MARTA chief promises to address overtime

MARTA’s new general manager told a joint legislative oversight committee Friday that he plans to curb the excessive overtime paid to certain police officers and bus drivers because it represents a potential safety hazard.

The overtime — which allowed some officers and drivers to double and triple their pay by working double shifts — raised serious concerns about drivers or police officers being too exhausted to safely do their jobs, members of the committee said. The Atlanta Journal-Constitution and Channel 2 Action News documented the practice last fall.

“Based on my experience, and I spent 21 years in the military, fatigue does affect judgment, and excessive fatigue … affects the ability to perform critical tasks,” said state Rep. Tom Miller, R-Dunwoody. Top national experts on sleep deprivation expressed similar views in interviews with the AJC.

About 130 police officers and 90 bus drivers boosted their salaries by 50 percent during a 12-month period ending in June, according to records obtained by the AJC. A handful made more in overtime than in regular pay. The chairman of the committee, state Rep. Mike Jacobs, R-Atlanta, said MARTA’s police did a good job overall and the agency had a relatively good public-safety record, but he still found the excessive overtime a “problem” and he expects MARTA to address it.

General Manager Keith Parker, who became the agency’s top administrator last month, said the excessive overtime had not yet produced any safety hazards and that an examination of bus drivers did not show any correlation between accidents or complaints and work hours. But he acknowledged that the number of hours in itself raised a concern and could put the agency at greater risk in litigation.

Parker said federal highway rules prevent semi-truck operators from driving more than 10 hours in a maximum 15-hour workday. MARTA rules allow officers and bus drivers to drive or patrol 16 hours a day if they have eight hours off between shifts. Bus drivers get hourly breaks.

MARTA police have reinstituted a rule limiting overtime to 32 hours a week. Deputy Chief Joseph Dorsey said the department is also doing a better job of spreading out overtime among officers. Overtime issues involving bus drivers, who unlike police are part of a union, will be negotiated with union leaders, Parker said.

Overtime will be an issue in a civil lawsuit against the agency involving the shooting death of an Atlanta man by a MARTA officer in October 2012, said lawyer Greg Feagle, who represents the man’s family.

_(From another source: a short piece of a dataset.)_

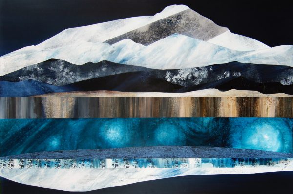 Sarah Winkler, is showing her large-scale acrylic landscapes, the layers of which mimic patterns of geological erosion. With crushed minerals incorporated directly into the paint, her work is grounded materially in her subject matter itself. Beloved local artist, Molly Perrault, is exhibiting her mesmerizing magazine collages of Telluride landscapes. Rebecca Messier’s evocative wall installations are on display.

While Officer Robert Waldo was not found criminally liable in the killing of 19-year-old Joetavius Stafford, records showed Waldo was at the end of a double shift when the shooting occurred and had worked 37 hours of overtime that week.

Witnesses had seen Stafford firing a gun shortly before he fled police, but no gun was found by Stafford’s body. Waldo said he fired when he saw Stafford make an aggressive move. Other witnesses said Stafford was surrendering.

A recent management audit found MARTA’s $26 million in overtime costs for all workers was about 5 percent higher than average for private companies and about 7 percent higher for public agencies in 2011.

The audit blamed excessive absenteeism for the overtime. But others contend that, too often, the driving force is saving money by hiring fewer workers. The agency’s overall labor cost was about 3.5 percent lower than average, the audit found.